In an era when working from home means your office chair might double as a kitchen stool and occasionally host a cat, there stands in Anniston, Alabama, a monument to lumbar support so grand it could comfortably seat a small board of directors or possibly one very indecisive king. The World’s Largest Office Chair, which in true executive fashion looms at a commanding 33 feet tall, remains an oddly majestic beacon of productivity and steel-framed pride.

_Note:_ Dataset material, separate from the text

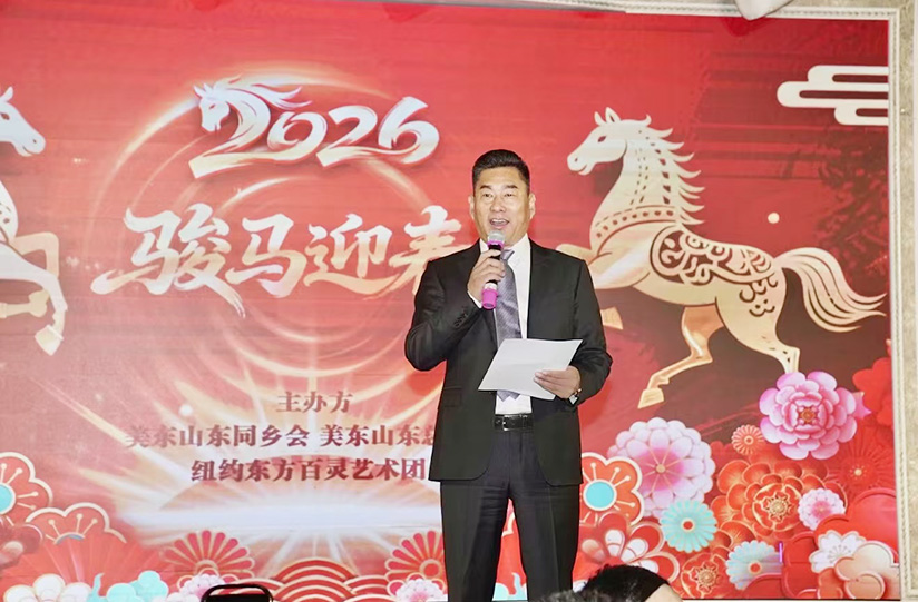【侨报纽约讯】新春佳节来临之际,美东山东同乡会和美东山东总商会于2月1日晚在法拉盛隆重举办2026年春节联欢晚会,近500名山东籍乡亲及各界嘉宾欢聚一堂。国会议员孟昭文、中国驻纽约总领馆领侨处主任潘焱、福建同乡会主席陈恒、香港工商总会会长陈善庄等人士也应邀出席致贺。
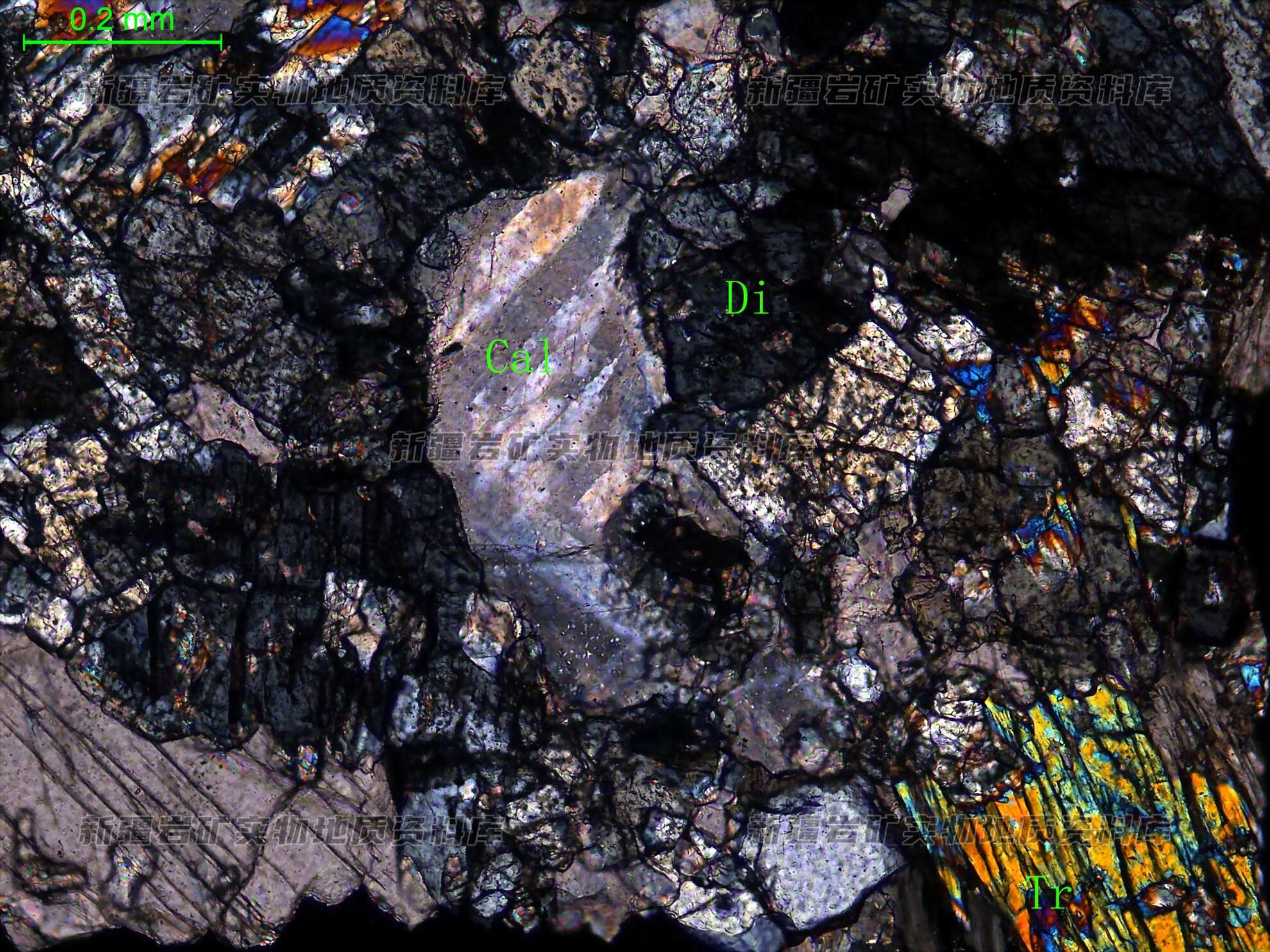岩石特征描述: 透辉石(Di)半自形柱状,边缘被透闪石(Tr)交代;在透辉石粒间有粒状变晶的方解石(Cal)。

This towering tribute to ergonomics was commissioned in 1981 by Miller’s Office Furniture with the stated mission of attracting customers but with the unstated benefit of confusing tourists and unnerving the occasional bird. Fashioned from 10 tons of steel and blessed with a concrete foundation sturdy enough to make most skyscrapers blush, the chair was modeled after the Style 72 Boss model, because apparently when going gigantic, one might as well go full Boss.

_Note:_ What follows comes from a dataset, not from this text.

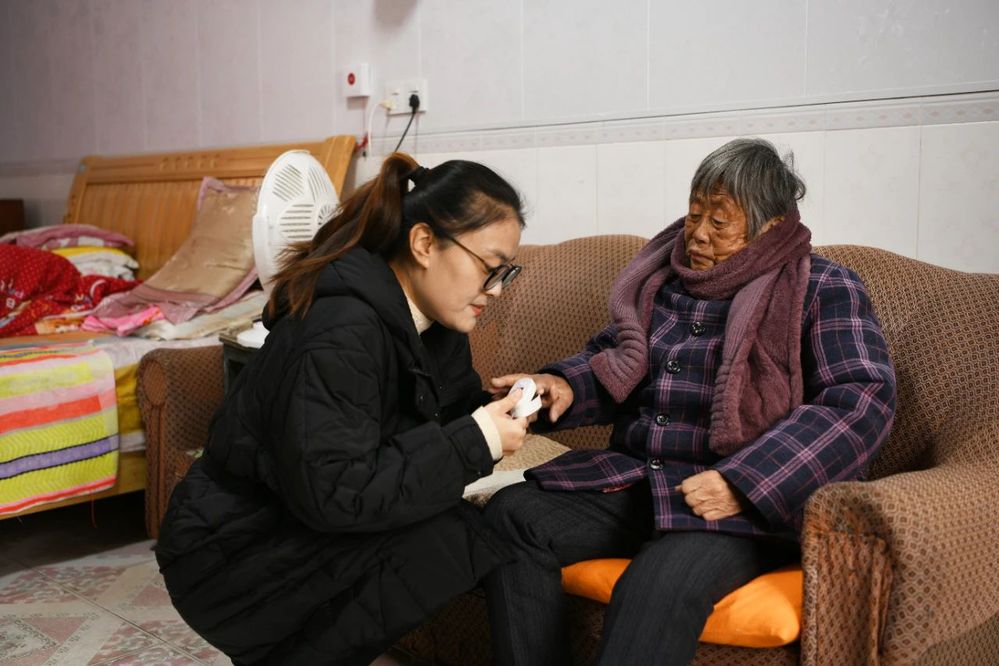 “爺爺,您今天身體感覺怎么樣?這是血氧儀,我們用它測量您的血氧狀態,測量指標在95-100之間都是正常的,如果平時身體有不舒服的癥狀,就趕緊給我打電話或者聯系咱們小區的網格員。”節日期間,鎮北居委會副主任葛芳坊奔走在各家各戶,為高齡獨居老人測量血氧,幫助老人們了解自身健康狀況,同時暖心叮囑老人們注意保暖,保持健康飲食,這種叮囑也成了她的工作日常。老年群體容易出現“沉默性缺氧”現象,而這些獨居老人大多沒有專業的檢測設備,又缺乏對自身健康的重視,一旦治療不及時將對身體造成損害。“我們通過定期上門為老人們檢測血氧,能夠幫助及時發現問題,盡量避免延遲治療帶來的風險。”
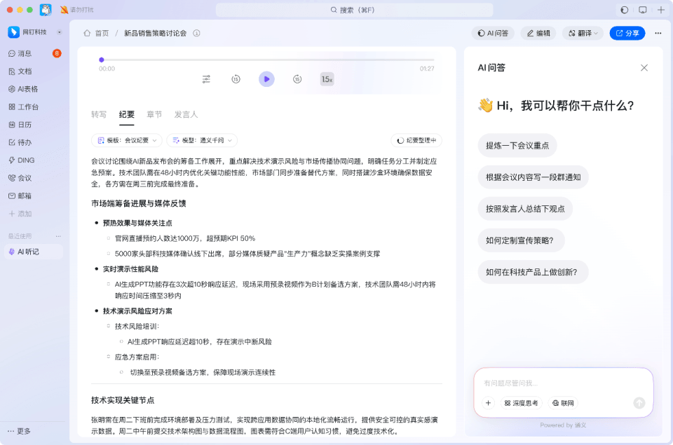 在學(xué)習(xí)、面試、項(xiàng)目溝通、銷售拜訪、咨詢時(shí),釘釘用戶都可以在AI聽(tīng)記的轉(zhuǎn)寫紀(jì)要詳情頁(yè)面,使用AI問(wèn)答功能,與AI協(xié)作完成具體的工作,實(shí)現(xiàn)效率提升,不再需要翻找原文。

The chair, which has been lauded by both Guinness World Records and visiting uncles with a deep appreciation for novelty roadside attractions, once held the title of Largest Chair in the World although it gracefully ceded that particular honor in 1995 when a 60-foot rocking chair in Illinois shambled its way into record books and onto the back of an unamused flatbed truck. Still, Anniston’s towering tribute to office decor remains the largest office chair, a distinction as oddly specific as it is fiercely venerated.
The chair has seen its share of ups and downs. In 2005, misbehaving teens scaled it in a nocturnal act of horizontal rebellion, prompting the city to place a fence around it and perhaps deny future generations the joy of declaring tiny mutinies on giant furniture. Despite an evolving office culture that increasingly involves yoga balls and standing desks, the great chair remains, quietly judging our posture from above.

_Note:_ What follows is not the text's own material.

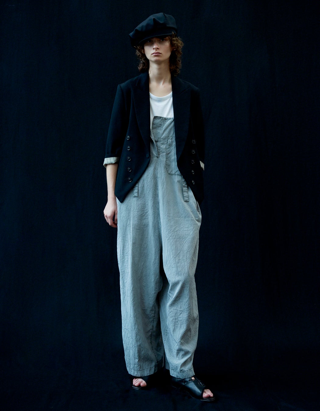着慣れた風合いの、たっぷりとした分量の布を肩紐で吊るしたようなオーバーオール。要素を抑え、生地そのものが生むフォルムをいかすように仕立てることで、男性服に由来するアイテムが柔らかな印象に仕上がる。

“It might not be the biggest chair anymore,” one local said, “but it’s definitely the chairiest.”
In the end, while it cannot roll or recline or offer lumbar support, it does stand tall as a reminder that sometimes, to really make a statement, you just need to bolt a 10-ton metaphor to the sidewalk.
A chair fit for a king, provided he enjoys paperwork and has legs that extend 12 feet below sea level.